This week we spent time researching our assumptions and looking for statistics that supported our concept. It was good to revisit this to build conviction for our idea, especially after numerous pivots.

We are still looking at street sweeping/ street cleaning as our main concept, and we found supporting evidence that:

“Pollutant source control is a more efficient practice than allowing materials to traverse further into the storm sewer system or receiving water where removal is often more costly and less efficient” (Schilling, 2005, p. 11). Sources also show that while the initial capital cost to purchase street sweepers can be quite high, “the long-term removal costs per pound of materials compared to other methods is on the low end” (Schilling, 2005, p. 13).

Our research also directed us more to the sides of the roads, closer to the gutters and entrances into stormwater. “Street cleaning is recommended to be performed almost exclusively on the extreme lanes of the roadway, given that some studies demonstrated that, due to the vehicle-induced turbulence, particles are transported towards the extreme lanes, and about 90% of sediments are within 2 m from the curb” (Amato et al., 2010, p. 3081).

Thus, we took a walk around to look at inner city streets and observed a quite glaring gap, namely that there is a literal gap that is not able to be cleaned, that is at the extreme lane of the roadway and caused by blockage by parked cars.

Roadside rubbish including cigarettes, leaves, dirt and some of the things that we marked on the sides of the road.

Curb sides left unswept due to parked cars

Sides of the road that gather debris over a period of time

We took our learnings from the street sweeper and applied them to the curbside, coming up with the early design below.

IMAGE: Curbside sweeper that has a section for metal and glass recyclables, sensors to navigate, and extended brush vacuum heads to suck up debris.
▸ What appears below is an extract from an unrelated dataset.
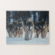 Rompecabezas del juego mostrado con una foto impresa de un grupo de lobos en el Parque Yellowstone. Personalizar este artículo o compra tal cual. Imagen de stock
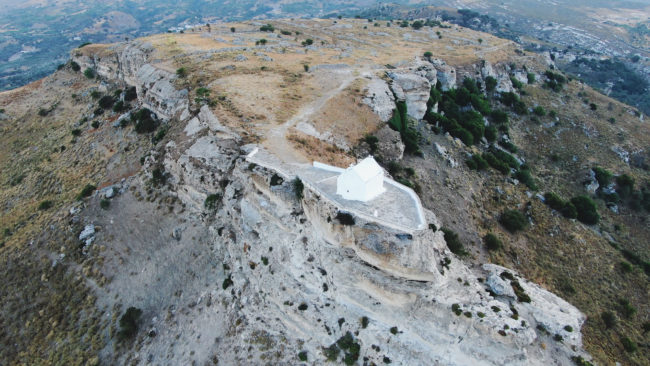 The site of the Iron Age settlement on the Patela of Priniàs and the church of Agios Panteleimon.

The gasification element helps to power it

We envision a slimmer version of a street sweeper that can replace pavement sweepers and does the additional job of picking up sediment from the curb by extending a suction head to the road. This will be self-driving with the help of sensors, and self-fuelled using gasification technology where waste can be converted to syngas. Recyclables such as glass and metals can be detected and sorted out for disposal into public recycled waste bins. The carbon black by-product from the process can be used for construction filler materials or ink (as AIR-INK™ does with car exhaust). The gasification process as it exists now is illustrated below.

Diagram of gasification system showing how indirect heating under pressure can turn waste feedstock into syngas which can be burned cleanly and subsequently fuel its own heating (Bender, 2011)
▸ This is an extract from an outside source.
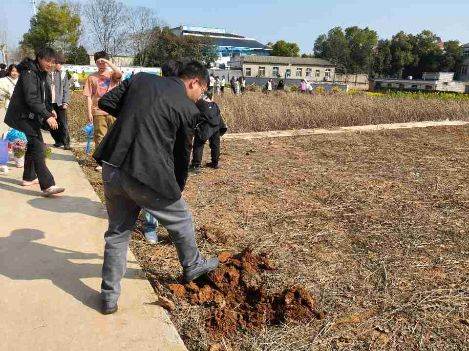 活动现场,泥土的芬芳与青春的活力交织。余老师铲下第一铲,将板结的泥土翻作松软的“温床”。

This curbside cleaner, along with a broad concept plan for awareness raising as well as a rollout plan with supporting systems (fleets of vehicles with electrostatic plates are still part of this) will form our solution concept.


As we approach our deadline, we are pushing ourselves to be quicker at getting concrete and making sure that we are addressing a gap that is impactful to the whole team. At the same time, earlier assumptions that are less feasible are being dropped quickly (so we are being more efficient as we have no choice!)
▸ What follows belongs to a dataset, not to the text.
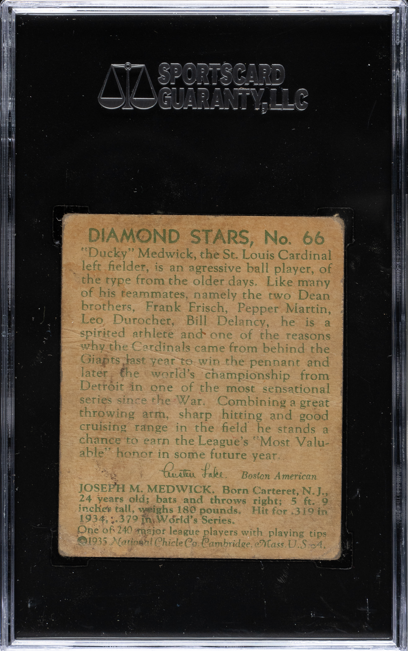 Lot 1564 1934-1936 R327 Diamond Stars #36 Ernie Lombardi - "Earnie" Error Card (1935 Green Back) SGC FAIR 20

While recovery and reuse of plastics and other waste materials in order to close the loop was a big focus for us just some weeks back, thinking about the costs as well as infrastructures that would have to be in place and whether this is justifiable for investment made us come back to our original and most important aim – keeping tyre dust out of the stormwater.

We are conscious also of having to ‘pitch’ this to an end stakeholder and are constantly questioning – why would this be appealing to the investor?

Next Steps

  • Complete systems map including sub-systems
  • Work on the awareness piece with the aim of ‘prototyping’/getting user feedback in the next 2 weeks
  • Approach someone to work with us on design, animation, video
  • Finalize elements of our new street sweeper
  • Create a new storyline – start preparing our final presentation
  • Detail out how the electrostatic plates are going to work on buses and other fleet vehicle


Amato, F, Querol, X, Johansson, C, Nagl, C & Alastuey, A 2010, ‘A review on the effectiveness of street sweeping, washing and dust suppressants as urban PM control methods’, Science of The Total Environment, vol. 408, no. 16, pp. 3070–3084.

Daniel Bender 2011, Converting Trash into Electricity – Eliminating the Unwanted, While Creating the Needed, viewed 3 April, 2019, <>.

Schilling, J.G. 2005. Street Sweeping – Report No. 1, State of the Practice. Prepared for RamseyWashington Metro Watershed District ( North St. Paul, Minnesota. June 2005.